After I wrote my question above, I remembered, I was planning on putting the tail gear doors on after I got things adjusted straight with the gear itself. That never happened. Duh! moment on my part... They probably would have helped counter the corkscrew effect against the tail fin since they are on the bottom of the fuse. Sometimes my hindsight is better than my foresight. Another thing I'm considering is setting up a flight mode trimmed for take-off and once I'm up in the air, flip the switch to regular trim.

One thing you say is "hold the rudder right", "then hold left"? Not sure I understand. I was trying to correct for the left turn then straighten the rudder and I found myself continually adjusting left, right, left, right. NOT fun...

I was already bringing the throttle up slow but maybe I need to be even slower. Gonna have to find a longer runway for that too... The runway I'm at is about 200ft. Maybe even more...
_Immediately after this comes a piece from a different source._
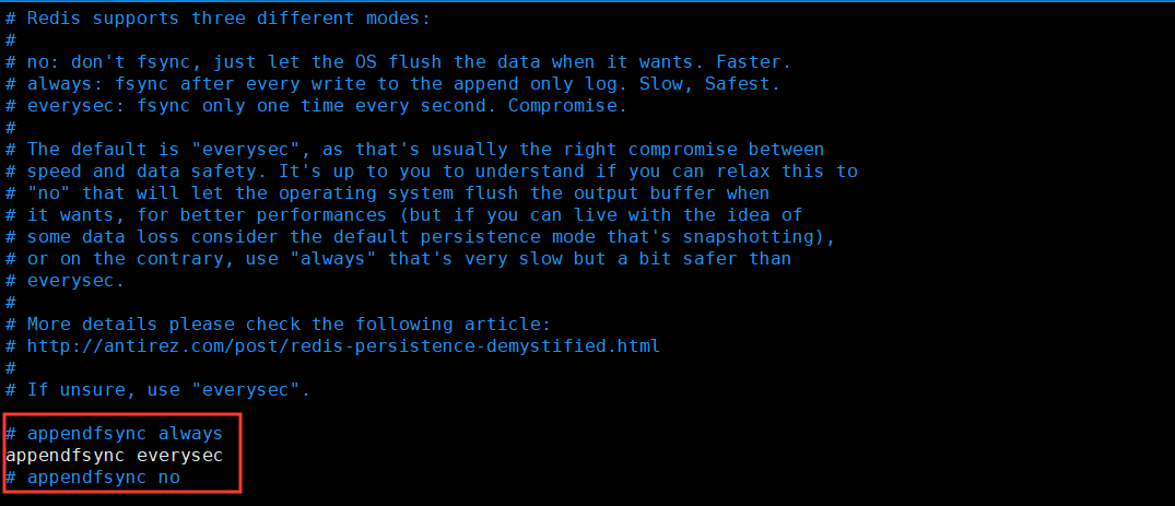 推荐(并且也是默认)的措施为每秒fsync一次,这种fsync策略可以兼顾速度和安全性。配置文件如下:
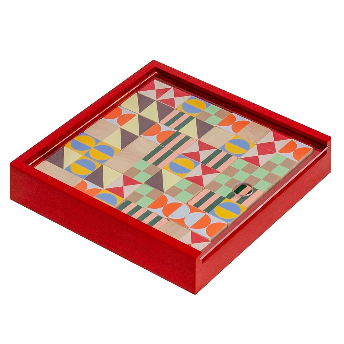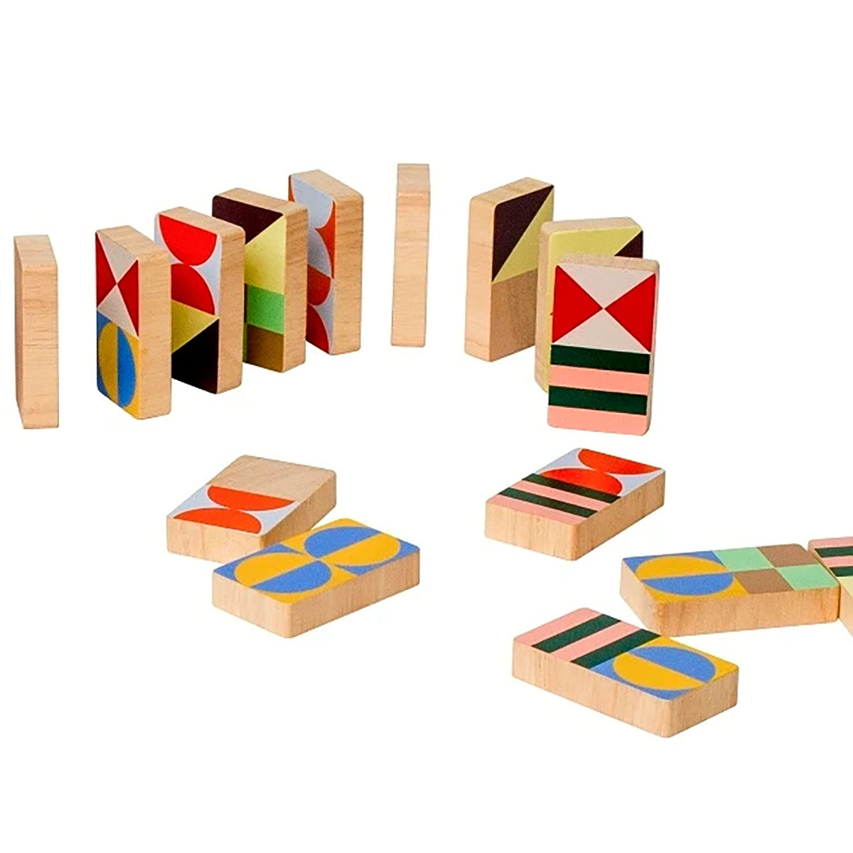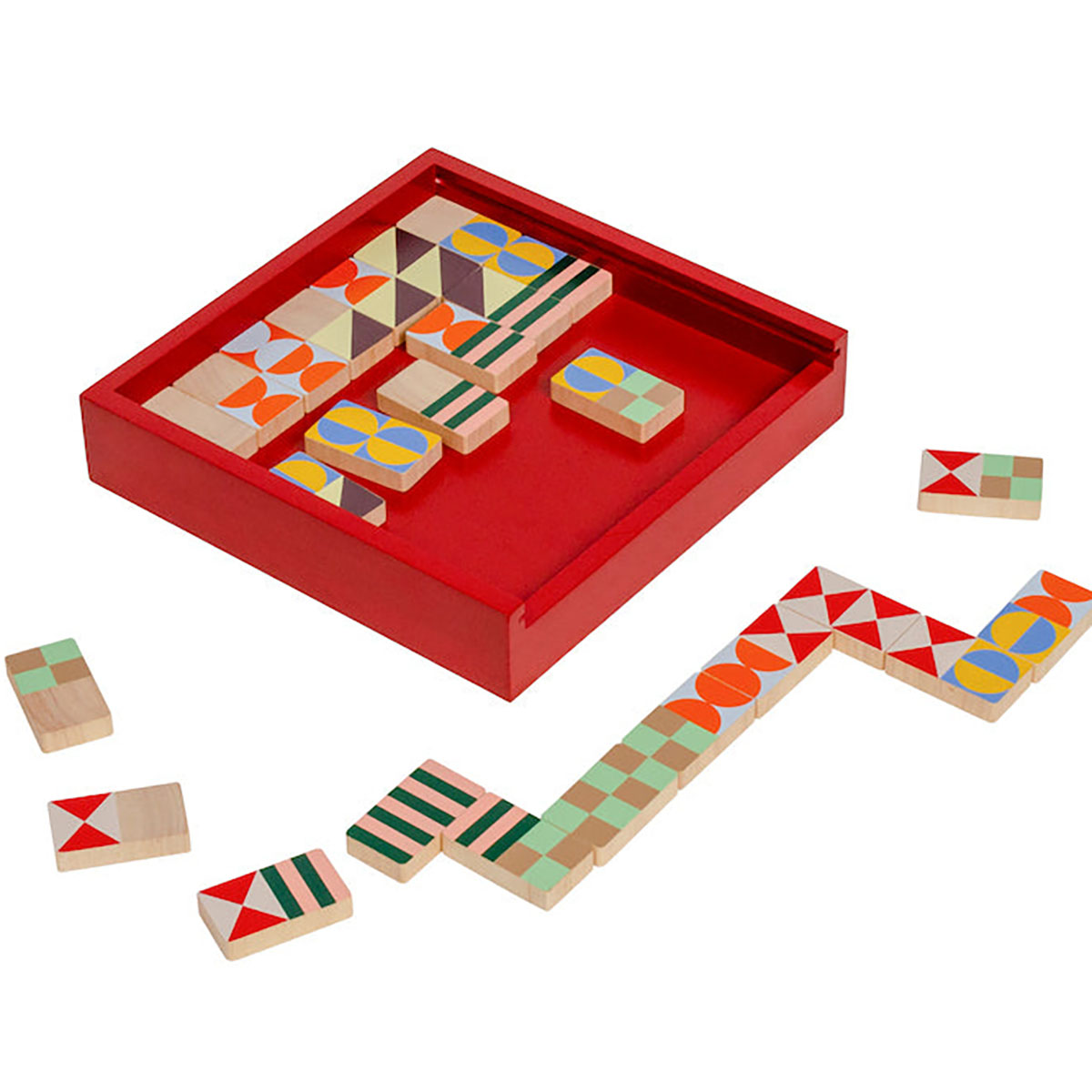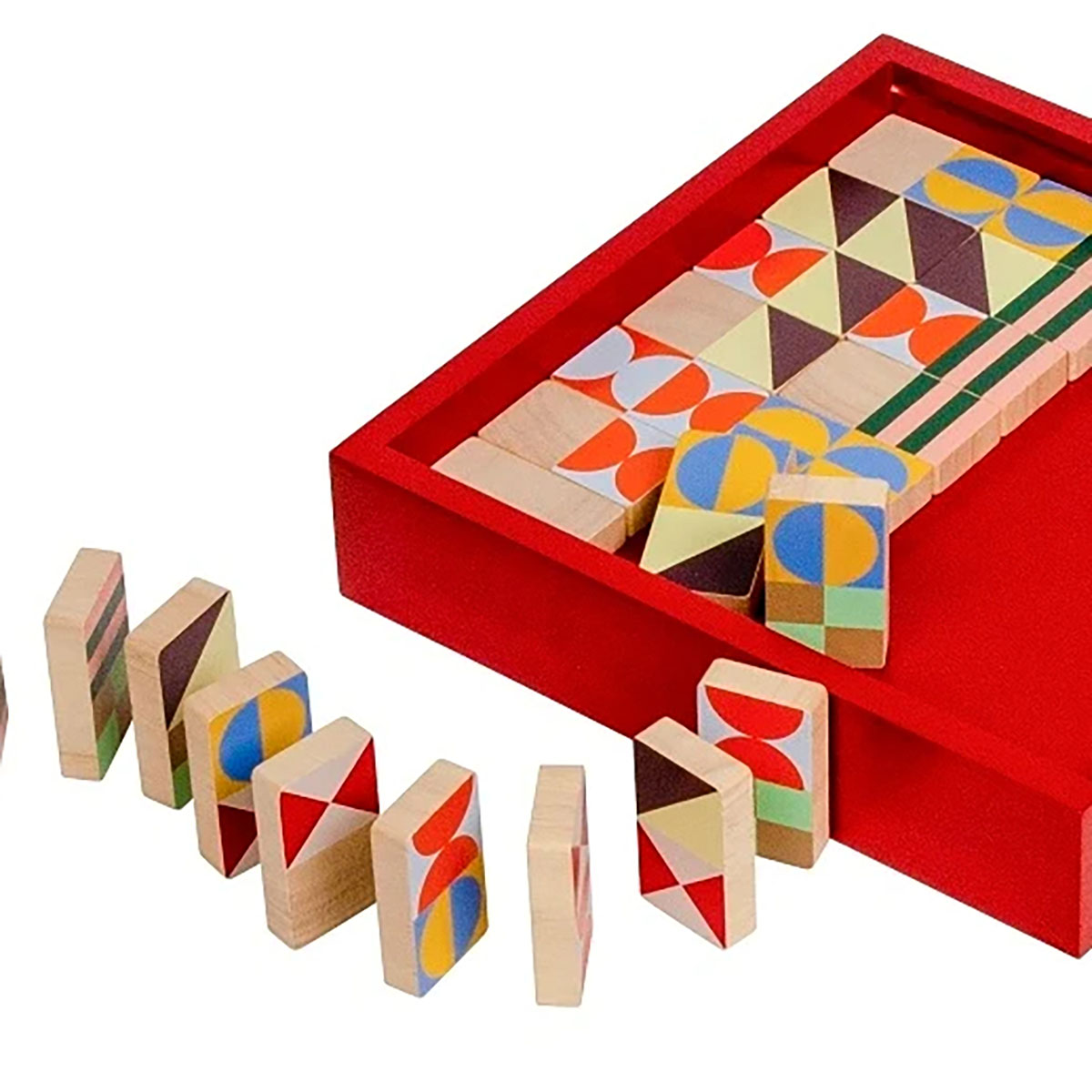 Ce jeu de dominos présente des compositions géométriques inspirées de l’art cubiste et des paires de couleurs très contrastées influencées par le modernisme abstrait. Pour jouer, associez les motifs géométriques colorés pour créer une formation de dominos. Le résultat est une magnifique mosaïque de formes et de couleurs vives. Les dominos à motifs géométriques encouragent la dextérité et sont amusants pour les jeunes et les moins jeunes.

My main concern is the thought of adding right thrust and maybe even some down. OR Just keep it as is if I can find a better way to compensate for all that left turn tendency. I've noticed its most evil just as the tail lifts off. (rapid change in angle of attack at the prop during rotation) Its always been a handful on the runway. I just wasn't as lucky this time. I would rather it fly straight in the air and learn better how to get it off the ground. Any ideas that help me in that area are much appreciated.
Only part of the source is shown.